We calculate the KL–divergence to measure how much the distribution of covariates in the sample space (Q) deviates from the distribution of covariates in the complete study area space (P).

  ## Compare covariate distributions in P and Q with Kullback–Leibler (KL) divergence
      kl.index <-c()
      for(i in 1:ncol(cov.dat.df)){
        kl <-    KL.empirical(c(cov.mat[,i]), c(h.mat[,i]))
        kl.index <- c(kl.index,kl)
        klo <-  mean(kl.index)
      }
      #print(kl.index) # KL divergences of each covariate
      #print(klo) # KL divergence in the existing soil samples

The KL–divergence is always greater than or equal to zero, and reaches its minimum value (zero) only when P and Q are identical. Thus, lower values of KL–divergence indicate a better match between both the sample and the study area spaces, suggesting that the sample space provides a fair representation of the environmental conditions in the study area.

In this case, the KL–divergence value is 0.181, which quantifies the amount of environmental variability in the study area captured by the legacy samples.

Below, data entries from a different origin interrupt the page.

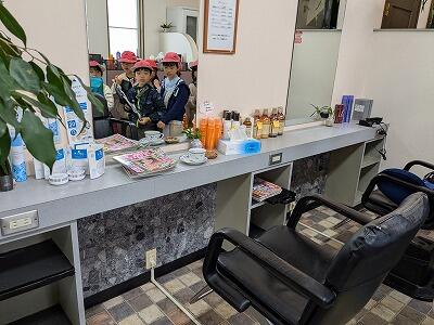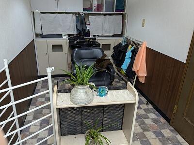 シャンプー台でしょうか。いろいろ質問しました。記念写真です。
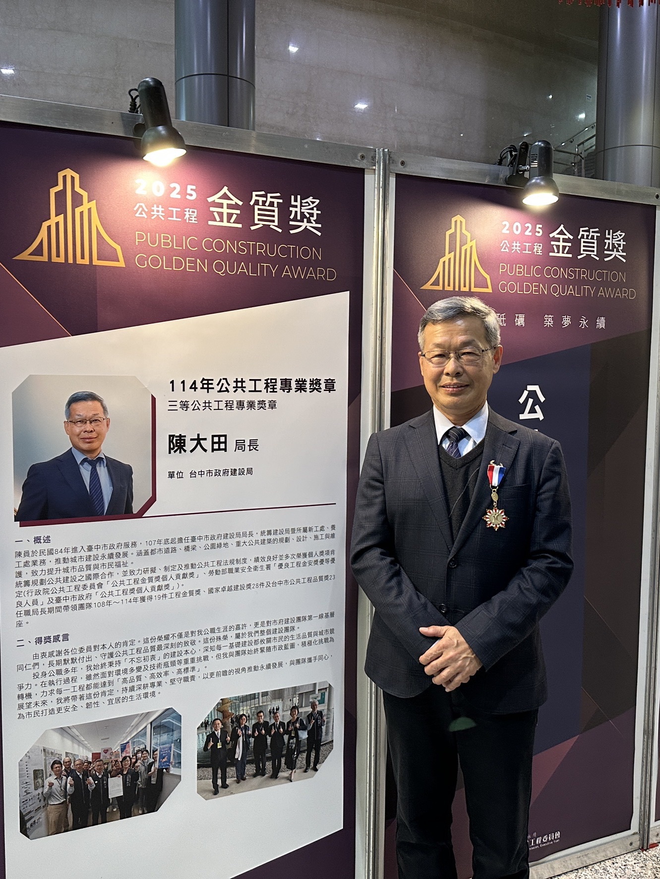 行政院公共工程委員會昨(21)日舉行第25屆公共工程金質獎頒獎典禮,台中市政府建設局以「東勢區埤豐橋改建工程」榮獲土木工程類優等殊榮;同時,建設局長陳大田因長期推動優質公共工程、成效卓著,獲頒全國唯二的「公共工程專業獎章」,為台中市公共建設再添榮耀。
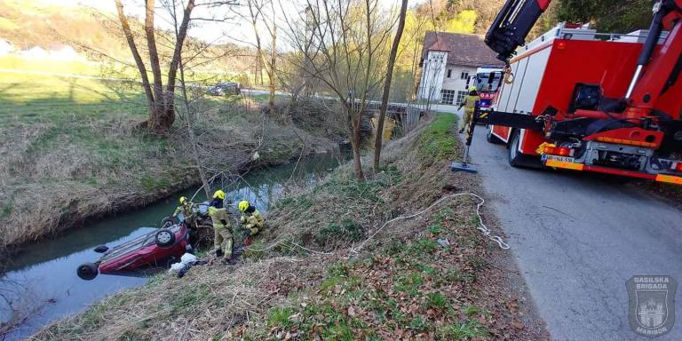 V Kozjaku nad Pesnico v občini Kungota je voznik z osebnim vozilom zapeljal v vodotok Pesnico.
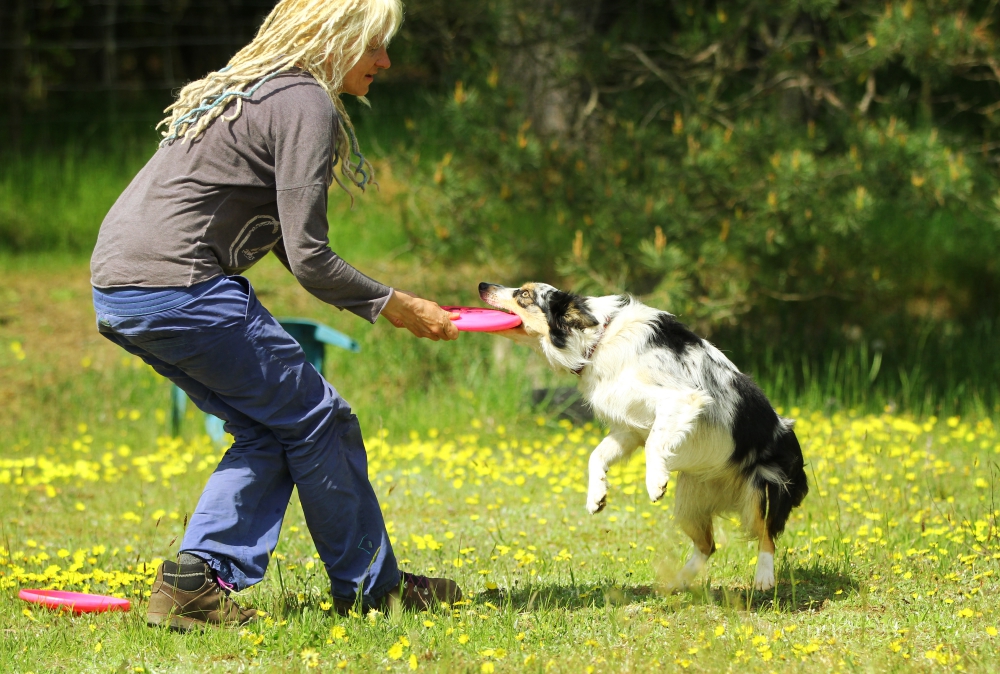 frisbee – powolutku zaczynamy. Yoga świetnie skupia się na aporcie. Ma naturalny aport i chętnie bawi się ze mną w dogfrisbee.
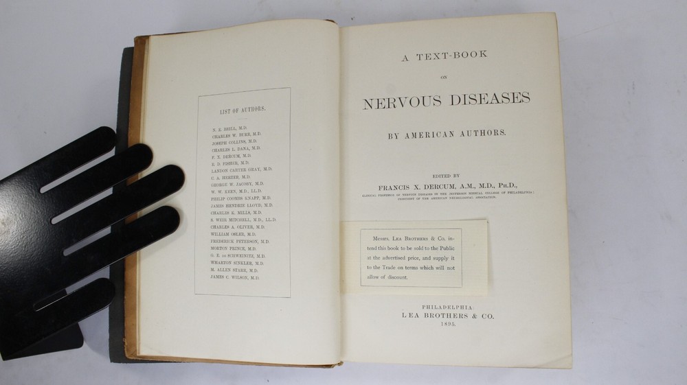 A Text-Book on Nervous Diseases by American Authors; Editied by Francis X. Dercum Description 1895, Philadelphia: Lea Brothers & Co., Ex-Library, Leather, First Edition, 1056 pp plus 16 pp of publisher ads, Illustrated, Text in English. Both hinges splitting, Various page edges are chipped, Exposed stitching through text. Offered by the Antiquarian, Rare, and Collectible department of Better World Books. Your purchase benefits global literacy programs. 100% satisfaction guaranteed. Payment Payment is accepted via PayPal, Google Pay, and Credit Card ( Mastercard, Visa, Discover, and American Express ). Payment is expected to be completed within four (4) business day (Mon-Fri). Items not paid for within four (4) business days will result in order cancellation and product being relisted at original listing price. Shipping Domestic Shipping: Standard Shipping has a 1-2 business day handling time. Once orders are shipped they will arrive in 2-8 business days with tracking included. International Shipping: International Shipping has a 1-2 business day handling time. Once orders are shipped they will arrive in 10-21 business days. Terms of Sale We offer a 100% satisfaction guarantee on all products. Should you be unhappy with your order, or would like to arrange a return, please contact us within 30 calendar days of receipt. About Us Better World Books is a for-profit, socially conscious business and a global online bookseller that collects and sells new and used books online, matching each purchase with a book donation. Each sale generates funds for literacy and education initiatives in the U.S., the UK, and around the world. Since its launch in 2003, Better World Books has raised $35 million for libraries and literacy, donated over 38 million books, and reused or recycled more than 475 million books. Contact Us Our team is always happy to help and is available Monday through Friday (7:00 AM - 2:30 PM ET). Send us a message through eBay should you have any questions about listings, orders, or offers.
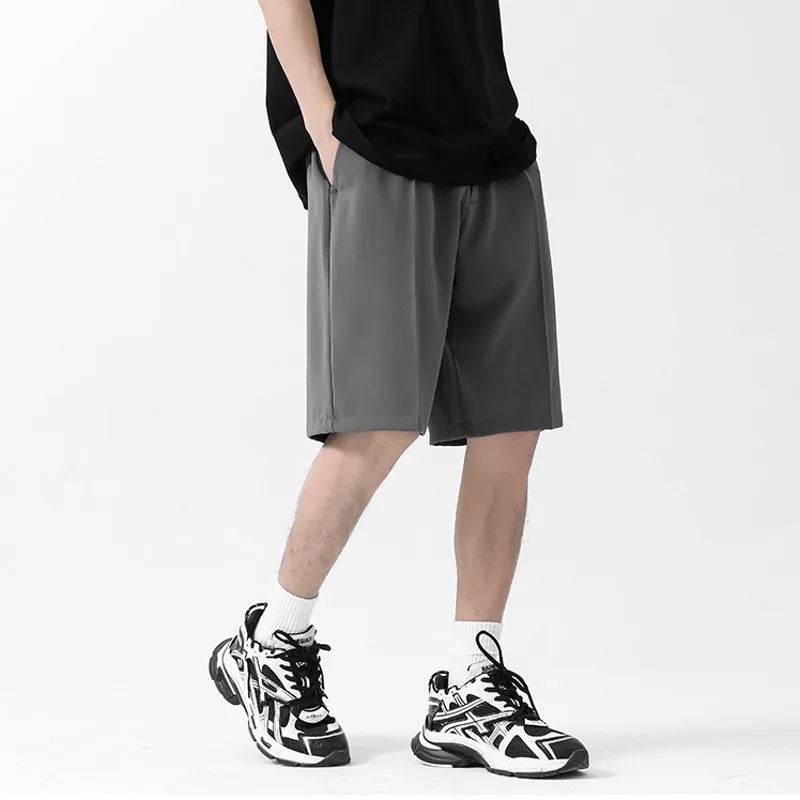 Summer Men's Shorts Straight Fit Knee-Length Short Suit Pant Solid Black Gray Clothing Student Thin Silky Casual Shorts Man
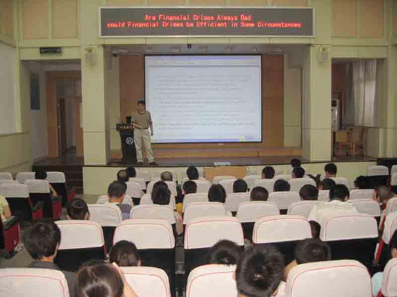 2009年6月16日下午,加拿大卡尔顿(Carleton)大学华裔终身教授张健康博士应邀来我中心作学术报告。张博士就金融危机有效性问题向365比分直播的部分师生作了精彩演讲。张教授概述了此次金融危机对实体经济的影响,认为此次危机的根源在于美联储实施了长期的低利率政策,是“政府失灵”造成的,而不是流行的所谓华尔街“市场失灵”的结果;从经济理论的角度看,是经济学家有关中央银行理论与模型的滞后性研究所致。张博士认为,如何进一步完善中央银行干预理论与干预政策,将是今后一段时期内经济学家首先要解决的一个重要课题。
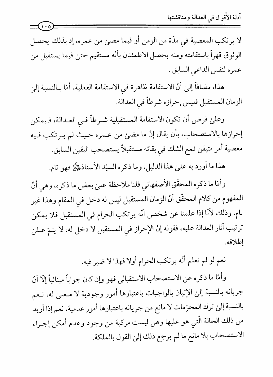 نام کتاب : العدالة في فقه أهل البيت عليهم السلام، تقريراً لبحث أية الله الحاج الشيخ مسلم الداوري نویسنده : الشيخ محمد علي صالح المعلم جلد : 1 صفحه : 105
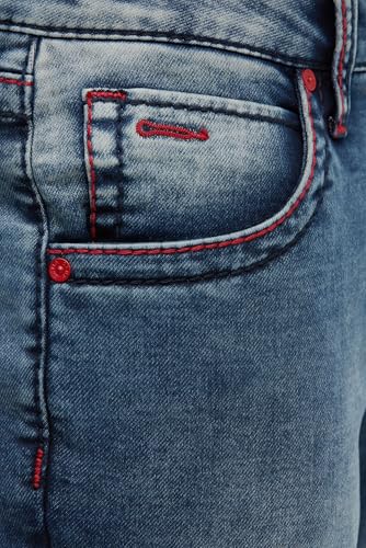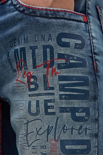 Camp David NI:CO Herren Jeans Regular Fit Light Vintage Print Jogg | gerades Bein, mittlere Leibhöhe, Five-Pocket, rote Kontrastnähte, Logo-Print, farbige Innenseite am Turn-up 32, 32
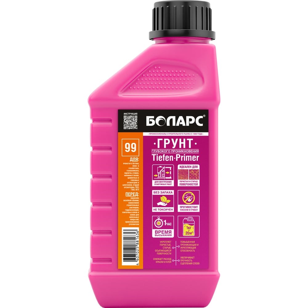 Грунт БОЛАРС Tiefen Primer 99 глубокого проникновения, 1 кг 00000042432 предназначен для укрепления пористых, рыхлых, старых, осыпающихся, сильно впитывающих влагу оснований перед последующим нанесением строительных растворов и отделочных материалов, перед окраской и оклейкой обоями, перед нанесением гидроизоляции, плиточных клеев и клеев для напольных покрытий, приклеиванием плит утеплителя. Благодаря составу, продукт глубоко проникает в основание и запечатывает поры. Снижает впитывающую способность основания, связывает пыль, увеличивает сцепление материалов с основанием, обеспечивает долговечность отделки. Экономит расход отделочных материалов, обеспечивая их равномерное нанесение. Рекомендован для помещений с повышенной влажностью (кухни, ванные комнаты). Бесцветный после высыхания. Не влияет на паропроницаемость поверхности. Разрешен для применения в детских и медицинских учреждениях. Применяется по основаниям: ячеистый бетон, пенно- и газобетон, газосиликат, кирпич, стяжки и наливные полы, цементные и гипсовые штукатурки и шпатлевки, старая штукатурка, ГКЛ, ГВЛ, ПГП.
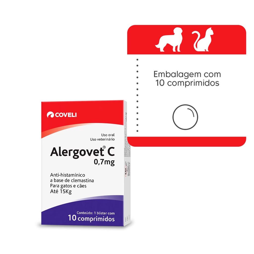 Alergovet C 0,7mg 10 Comp Para Gato Cachorro Até 15kg Coveli
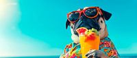 Ein entspannter Hund im bunten Hawaii-Hemd genießt einen fruchtigen Cocktail unter strahlend blauem Himmel. Die Sonnenbrille auf seiner Schnauze verleiht ihm einen Hauch von Coolness und Urlaubsfeeling. Dieses fröhliche Motiv zaubert lebendige Farben und gute Laune in jedes Wohnzimmer und macht jeden Tag ein Stückchen sonniger.
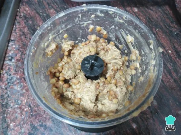 -Tritura las lentejas en una batidora eléctrica o con la túrmix, no es necesario que queden completamente hechas puré, solo machácalas un poco para lograr una textura cremosa. Reserva.
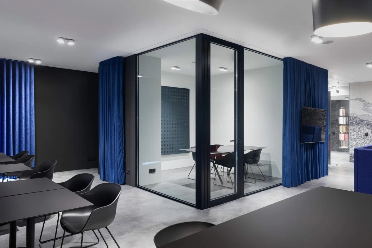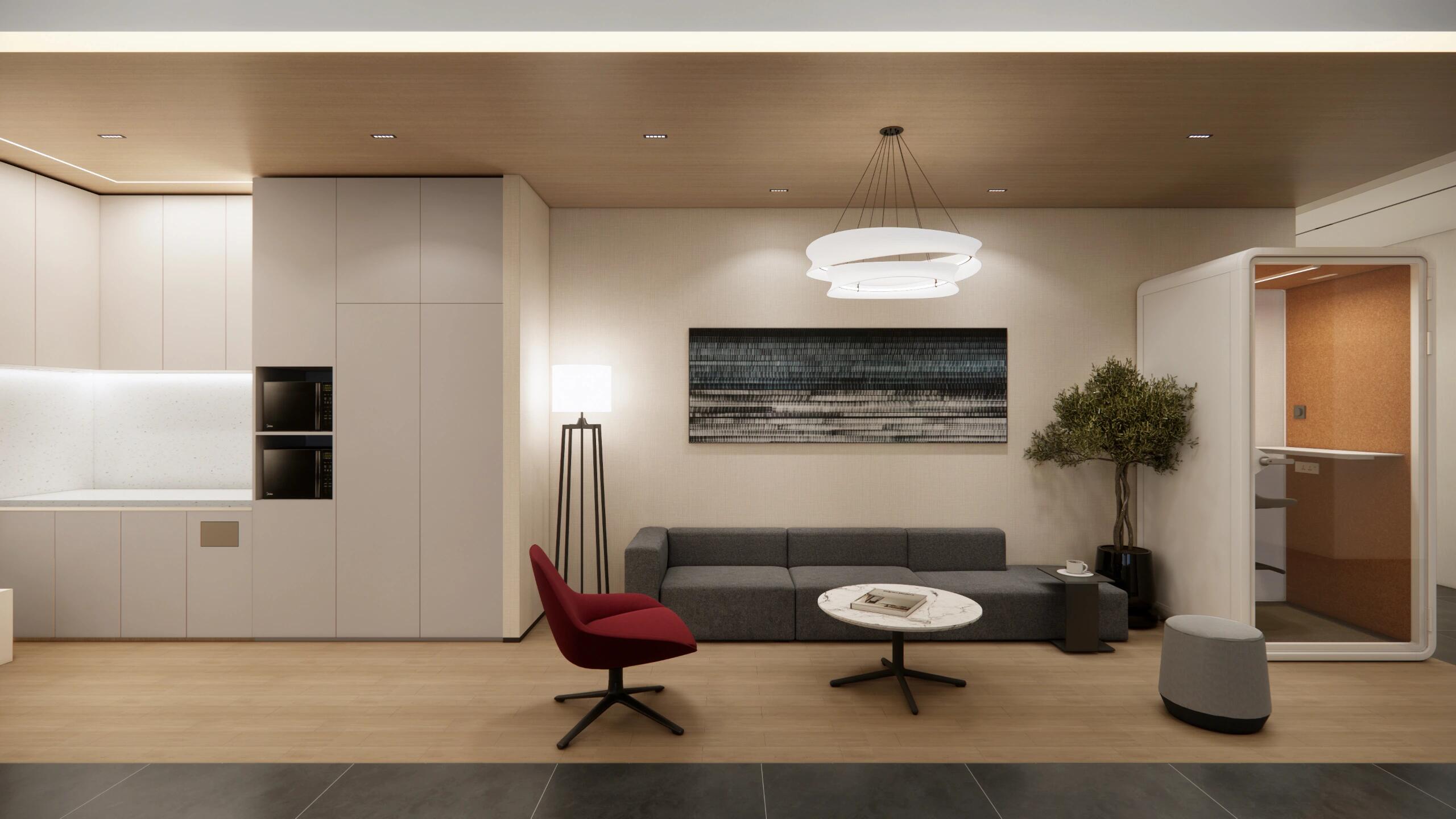 Domko的办公室设计的另一大亮点就是空间的流动性。设计师通过巧妙的布局和可变的隔断,使得每个区域都能够根据需求进行轻松转换。例如,快速会议和公司演示可以在指定区域进行,而大型活动则可以通过重新配置空间,容纳更多的参与者。这种灵活的空间设计确保了员工和客户无论在任何场合下都能拥有一个高效、舒适和愉悦的体验。

Percent of representativeness in relation to the overall environmental conditions

Finally, we can assess the extent to which our legacy soil dataset represents the existing environmental conditions in the study area. We calculate the proportion of pixels in the study area that would fall within the convex hull polygon delineated based on the environmental conditions found only at the locations of the soil legacy data. The convex hull polygon is created using a Principal Component transformation of the data in the soil legacy dataset, utilizing the outer limits of the scores of the points projected onto the two main components (Fig. 3.2).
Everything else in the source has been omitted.